Elaine fidgeted with the top of her Yeti mug. “My kids gave me an Amanda this past Christmas. Jonathan, he’s in his junior year at Merrimack, came up with the gift idea. His younger brother, Charlie, started his freshman year at BC this past fall and they knew I thought the house felt so empty with them both gone. Jonathan joked that the Amanda would give me someone to talk to during the day.”

“That’s really sweet,” I said, “What thoughtful boys.”

“You said it, they truly are wonderful. And it was a considerate gift, they had no way of knowing what it was capable of…” Elaine trailed off, shivered and pulled her hat down lower. “I couldn’t get over how easy the device was to set up. The boys made a game out of asking it outrageous questions to get Mark and I laughing. I saw why they were excited about it, but really, I thought it was a silly gadget. It got a lot of attention while the kids were home for winter break, but by the time they’d gone back to school the novelty of it had worn off and I didn’t use it nearly as often. Though I did love asking it to play music while I cooked dinner. That’s where we kept it, in the kitchen. Our home is rather small so I could hear the music throughout the first floor if the volume was at a decent level. So that was nice, I suppose. Though, I already had a Bose dock for my cell phone for that very purpose.

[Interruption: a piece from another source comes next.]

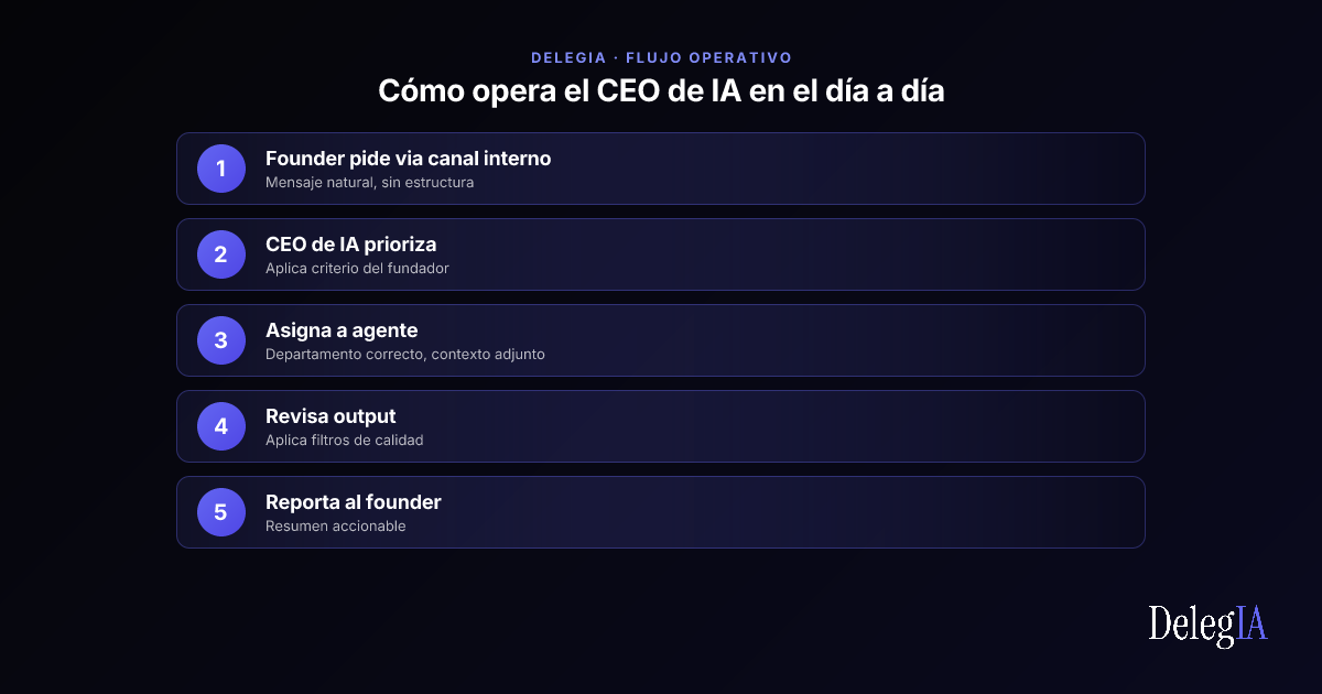 En todos los casos la lógica es la misma. El fundador o el equipo directivo debe poder decirle al CEO de IA "encárgate de X" y volver a recibir un resultado revisado, no un borrador con 12 dudas pendientes.

“For a week or so after the boys left I didn’t pick up on anything strange, but then I began to notice that whenever my husband and I were having a conversation Amanda’s blue light would start pulsing. I pointed it out to Mark and he assumed that we must have accidentally said something to activate it. Then one afternoon I saw the light glowing when I was on the phone with my sister. I made some comment about it and she said she’d watched a video on YouTube about the devices recording conversations and it was suspected they were sending them back to headquarters for some unknown reason.

“Now, I will say that my sister is a bit woo woo if you know what I mean. One might even wonder how she came across such a video. Suffice it to say, I took what she’d told me with a grain of salt. But still, the idea of that little machine recording our conversations gave me pause. Even more, she told me the Amanda was actually a tiny little robot that had been programmed to learn from its experiences, supposedly to improve performance. Now that shocked me. I had no idea they did that, I thought it was just some sort of gimmicky voice command device.”

“I didn’t know that either,” I said, a little shocked myself.

“You don’t have one, do you?”

“No. My husband bought us a Google Home two Christmases ago, after two days of listening to the girls beg it to play Rudolph the Red-nosed Reindeer with no success I told him to bring it to work with him. I couldn’t take the noise and the damn thing didn’t even work.”

“Does he use it at work?”

“No, I think it’s in a drawer.”

“He’d be better off submerging it in water and tossing it in the garbage.”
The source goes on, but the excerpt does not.